Poet

Born: July 28, 1927;

Died: September 3, 2017

JOHN Ashbery, who has died aged 90, was an enigmatic genius of modern poetry whose command of language raised American verse to brilliant and baffling heights.

Ashbery was the first living poet to have a volume published by the Library of America dedicated exclusively to his work.

His 1975 collection, Self-Portrait in a Convex Mirror, was the rare winner of the book world's unofficial triple crown: the Pulitzer Prize, the National Book Award and the National Book Critics Circle prize.

In 2011, he was given a National Humanities Medal and credited with changing "how we read poetry".

Writing for Slate, the critic and poet Meghan O'Rourke advised readers "not to try to understand the poems but to try to take pleasure from their arrangement, the way you listen to music".

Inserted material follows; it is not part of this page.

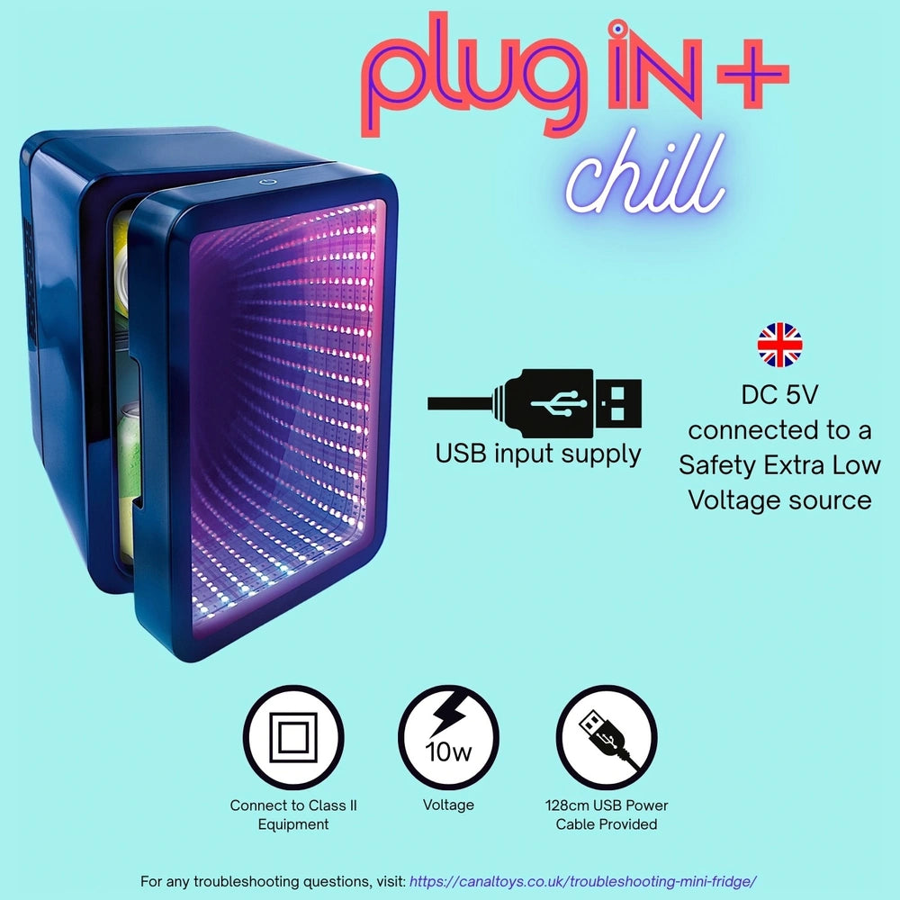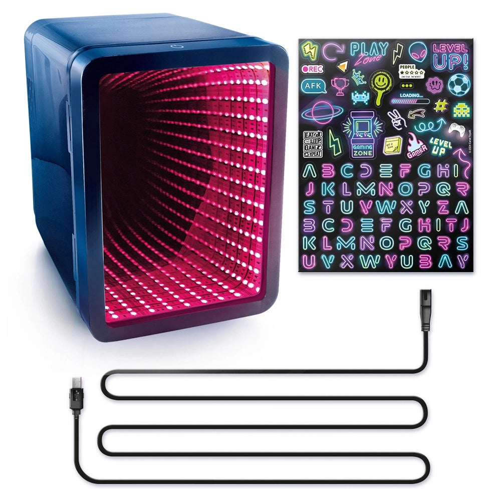 Upgrade your chill game with the So Chill Mini Fridge Infinity, the perfect accessory for gamers, tweens, and teens who love to keep things cool. This stylish mini fridge features an infinity light effect door that doubles as a sleek mirror, with 12 LED light modes to match your mood or style.

"I don't find any direct statements in life," Ashbery once explained. "My poetry imitates or reproduces the way knowledge or awareness comes to me, which is by fits and starts and by indirection. I don't think poetry arranged in neat patterns would reflect that situation."

Interviewed in 2008, Ashbery joked that if he could turn his name into a verb, "to Ashbery," it would mean "to confuse the hell out of people".

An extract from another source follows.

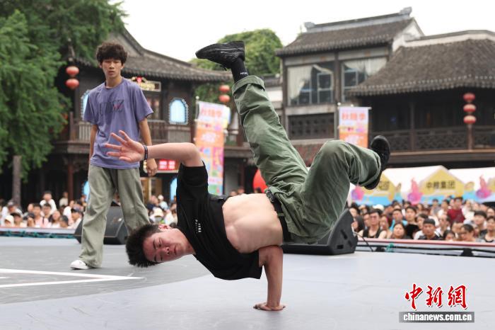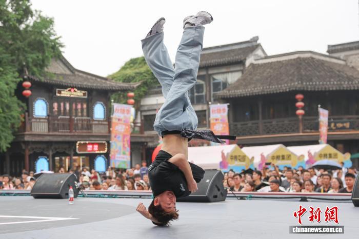 9月14日,2025年中国街舞联赛(南京站)圆满收官,来自全国各地的近400名舞者轮番登台,舞动青春。最终,历经资格赛、循环赛、淘汰赛的层层筛选,王羽凡获得女子公开组冠军,李后桦获得男子公开组冠军。图为选手在舞台上展示舞技。中新社记者 泱波 摄

Ashebry was born in Rochester, New York, and grew up in Wayne County where his father was a fruit farmer. His maternal grandfather, the physicist Henry Lawrence, was a big influence on him early in life, introducing him to the greats of literature. The death of Ashbery's younger brother from leukaemia also had a profound effect, shattering much of the innocence and breaking up his group of friends.

"My younger brother died just around the beginning of the Second World War,” he said. “The group dispersed for various reasons, and things were never as happy or romantic as they’d been, and my brother was no longer there. I think I’ve always been trying to get back to this mystical kingdom.”

His work as poet began early when he was still at boarding school and a classmate submitted his work (without his knowledge) to Poetry magazine. In 1955, he won the Yale Younger Poets prize for his first collection Some Trees and went on to work in France and the US as an art critic for Newsweek and other publications. He later taught at Brooklyn College.

Ashbery enjoyed a long and productive career, so fully accumulating words in his mind that he once said he rarely revised a poem once he wrote it down.

More than 30 Ashbery books were published after the 1950s, including poetry, essays, translations and a novel, A Nest of Ninnies, co-written with poet James Schuyler.

His masterpiece was probably the title poem of Self-Portrait in a Convex Mirror, a densely written epic about art, time and consciousness that was inspired by a 16th century Italian painting of the same name.

In 400-plus lines, Ashbery shifted from a critique of Parmigianino's painting to a meditation on the besieged 20th century mind.

Ashbery, winner of the Pulitzer Prize and often mentioned as a Nobel candidate, died at his home in Hudson, New York.

His husband, David Kermani, said his death was from natural causes.